La frustration est le moteur de l’éducation
« Il est absolument nécessaire que l’enfant fasse l’expérience précoce de la frustration, poursuit le docteur Naouri. Frustrer, ce n’est pas donner du plaisir tout le temps. Tous les éducateurs nous diront que la frustration est le moteur de l’éducation. Eduquer, en latin, c’est exducere : conduire hors de… l’univers utérin, bien sûr. »
« C’est là que doit intervenir absolument celui que j’appelle le père symbolique – ce n’est pas le père qui imite la mère et fait du maternage – c’est cette personne qui fait que, quand il est dans les parages, la maman a l’air soudain moins puissante. Elle a une relation très investie à cet homme. C’est l’époux qui, désigné par la mère, va permettre la mise en place d’une bonne distance entre celle-ci et l’enfant. C’est le père qui permet à l’enfant de se consruire, qui lui rend possible la structuration psychique. Cet homme, l’enfant doit percevoir très vite que sa mère l’aime autant que lui. »
« L’intervention directte du père prend une force extrême et doit être réservée aux grandes occasions : elle ne sera pas usée par l’habitude. Pour être le meilleur père possible, il faut que, votre vie durant, la mère de vos enfants soit amoureuse de vous. »

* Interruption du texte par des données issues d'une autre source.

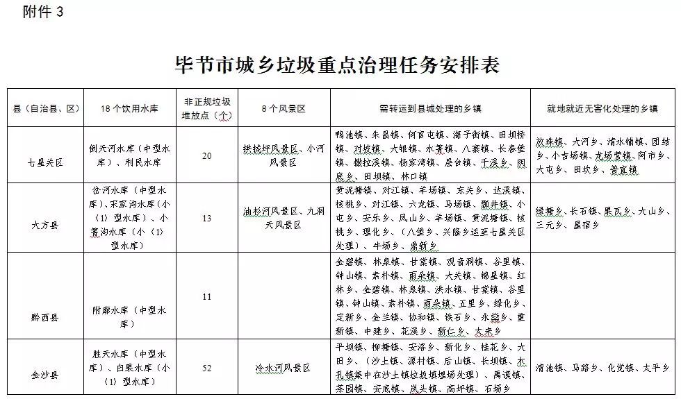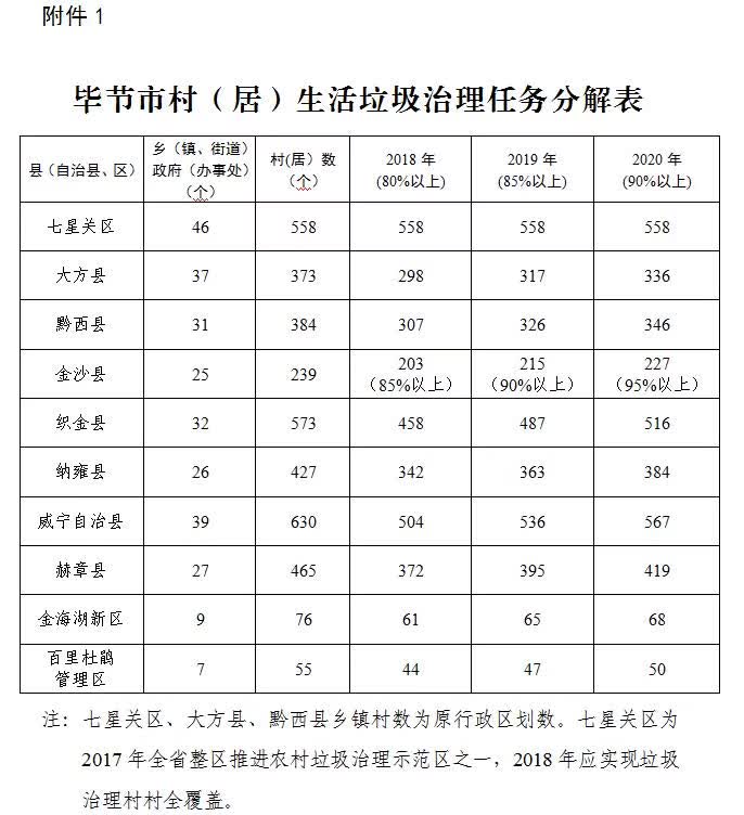(二)全域治理(2019年),全面開展城鄉(xiāng)垃圾治理攻堅行動。組建城鄉(xiāng)垃圾分類收運保潔隊伍,逐步探索垃圾分類收集保潔制度,實現(xiàn)城鄉(xiāng)環(huán)衛(wèi)保潔全覆蓋。全面推進城鄉(xiāng)生活垃圾“戶分類、村收集、鄉(xiāng)轉(zhuǎn)運、縣(中心鄉(xiāng)鎮(zhèn))處理”或“戶分類、村收集、中心鄉(xiāng)鎮(zhèn)處理”模式,開展城鄉(xiāng)垃圾清潔風(fēng)暴行動,全面清理城鄉(xiāng)垃圾。七星關(guān)區(qū)、金沙縣90%以上行政村垃圾得到有效治理,其他縣(自治縣、區(qū))85%以上行政村垃圾得到有效治理。

Aldo Naouri termine par quelques conseils très concrets aux mères :
« Il faut vacciner l’enfant contre l’angoisse. Le moyen le plus simple est de nourrir les enfants à heures et en quantité fixes. Cela va les frustrer très tôt ; or on s’habitue à la frustration précoce : elle permet d’intégrer l’idée qu’on peut vivre des moments sans plaisir, et sans risque d’en mourir. On n’aura plus les violentes crises d’opposition des enfants tyrans, les adolescents abominables parce qu’ils n’ont pas réglé ces problèmes dans leur petite enfance. Faire cette proposition aux mères, c’est aussi leur offrir un cadre qui leur permet, à elles aussi, de ne pas céder à l’angoisse de la perfection maternelle. Si l’on protège la mère de ce besoin de satisfaire son enfant, elle pourra investir sa féminité et s’intéresser aux besoins de son mari. »
En effet, sans ces mesures de sagesse, les premiers mois, les mères sont à 95 % mères et à 5 % femmes. Il faudrait qu’elles soient à 50 % l’une et à 50 % l’autre. Il n’est pas bon que l’enfant soit la seule source de satisfaction de sa mère. S’il y avait un message à lancer, pour Aldo Naouri, ce serait celui-ci :
« Soyez un couple, vous serez de meilleurs parents. »
La pensée d’Aldo Naouri, sans référence chrétienne, est cependant le substrat naturel sur lequel se construit le Royaume de la grâce. Gratia non tollit naturam, sed perfecit : La grâce ne détruit pas la nature, mais la parfait. C’est fabriquer des petits diables que de prétendre éduquer ses enfants sans référence à ces redécouvertes de bon sens qu’enseigne, à contrecourant de ses prédécesseurs, cet éminent pédiatre.